Bioinformatic data processing began with checking the quality of the raw readings. The quality assessment was performed using the FastQC program (v. 0.11.9 Andrews, 2010). Adapters from the sequence were cut using the following parameters: HEADCROP:20, CROP:221, LEADING:3, TRAILING:3/SLIDING WINDOW:5:10, AVGQUAL:20, MINLEN:221 (Chen et al., 2018). The length of the nucleotide sequences was 221 nucleotides. The data was then analyzed using the DADA2 algorithm (v. 1.26.0) in R (version 4.2.1). The reads were filtered, paired, chimeras were removed, and then a search was performed on the Silva database (for 16S - silva_nr99_v138.1_train_set, for 18S -SILVA_132_SSURef_tax_silva version).

Phylogenetic analysis

Phylogenetic analysis was conducted using MEGA X (Kumar et al., 2018). Nucleotide sequences were aligned with those displaying the highest similarity available in the NCBI database, utilizing the ClustalW algorithm with default parameters. Quality control check of the sequences was performed using UGENE (v. 39.0) (Okonechnikov et al., 2012). Sequences were aligned with the MUSCLE tool implemented in UGENE (v. 39.0) with default parameters. Pairwise distances were calculated using MEGA X with 100 bootstrap replications, uniform rates among sites, transitions and transversions were included, also we chose pairwise deletion for missing data (gaps).
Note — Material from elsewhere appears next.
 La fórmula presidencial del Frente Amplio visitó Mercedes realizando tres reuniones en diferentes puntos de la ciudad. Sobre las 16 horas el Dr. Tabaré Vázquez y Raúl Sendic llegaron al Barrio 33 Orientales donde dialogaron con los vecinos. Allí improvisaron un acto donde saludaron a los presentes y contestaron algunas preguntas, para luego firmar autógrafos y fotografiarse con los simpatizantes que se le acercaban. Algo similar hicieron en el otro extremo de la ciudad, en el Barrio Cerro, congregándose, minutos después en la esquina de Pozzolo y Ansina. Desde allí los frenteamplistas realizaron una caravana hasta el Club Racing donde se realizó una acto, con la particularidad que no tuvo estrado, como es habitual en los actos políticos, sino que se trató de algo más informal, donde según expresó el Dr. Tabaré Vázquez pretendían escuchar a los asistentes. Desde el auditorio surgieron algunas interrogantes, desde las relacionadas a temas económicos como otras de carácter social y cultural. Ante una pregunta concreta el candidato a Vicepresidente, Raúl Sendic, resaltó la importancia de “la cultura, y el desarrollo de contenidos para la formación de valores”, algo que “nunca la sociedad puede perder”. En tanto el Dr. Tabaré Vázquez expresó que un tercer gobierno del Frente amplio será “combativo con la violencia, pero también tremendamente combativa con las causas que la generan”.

The best model for phylogenetic analysis of Russian T. magnatum was K2 (Kimura2-parameter model) according to Bayesian information criterion (BIC) and was obtained by the Model Selection tool implemented in MEGA X with default parameters. Phylogenetic reconstruction was performed using the maximum likelihood method with 100 bootstrap replications in MEGA X. Visualization was performed with iTOL (Letunic & Bork, 2021). The best model for phylogenetic analysis of Russian T. macrosporum was T92+G according to BIC and was obtained by the Model Selection tool implemented in MEGA X with default parameters. Phylogenetic reconstruction was performed using the maximum likelihood method with 100 bootstrap replications in MEGA X. Visualization was performed with iTOL.

Statistics

Metabarcoding analysis was performed on three ascomata of T. macrosporum and four ascomata of T. magnatum. The reliability of the data was assessed using the Mann–Whitney U test. Statistical analysis was conducted using the software Past 4.10 (Natural History Museum, Oslo, Norway). Graphical representations were generated based on mean values ± standard deviations throughout the study.
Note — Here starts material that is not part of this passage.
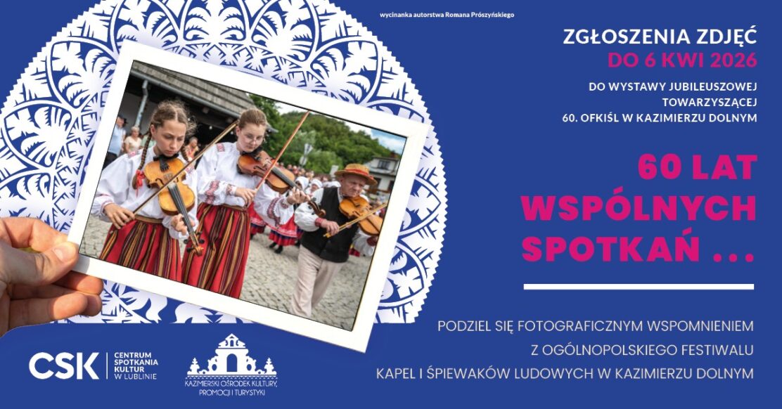 Ogólnopolski Festiwal Kapel i Śpiewaków Ludowych w Kazimierzu Dolnym obchodzi w tym roku swoją 60. edycję. To sześć dekad muzyki, śpiewu, spotkań, wzruszeń i historii zapisanych przede wszystkim w pamięci uczestników, artystów i publiczności. Z tej okazji Centrum Spotkania Kultur w Lublinie (organizator festiwalu) zaprasza do współtworzenia jubileuszowych obchodów i powrotu do festiwalowych wspomnień – zatrzymanych na fotografiach.

Construction of co-occurrence networks of microbial communities

We developed a comprehensive Python pipeline for analyzing truffle-associated microbial communities, covering all stages from data processing to network visualization. The analysis began with construction of a ≪ sample × taxon≫ abundance matrix using pandas and numpy libraries. Microbial abundance data underwent centered log-ratio transformation for normalization, followed by removal of rare taxa (prevalence <10%) (Bars-Cortina, 2022).

Statistical analysis performed with scipy.stats included calculation of Pearson correlations for all taxon pairs, with p-value estimation and subsequent false discovery rate correction to minimize type I errors. Statistically significant correlations (|r| ≥ 0.1, p ≤ 0.05) were used to construct interaction networks via networks library (Ma et al., 2021), where taxa were represented as nodes and significant correlations as edges (red for positive, blue for negative associations).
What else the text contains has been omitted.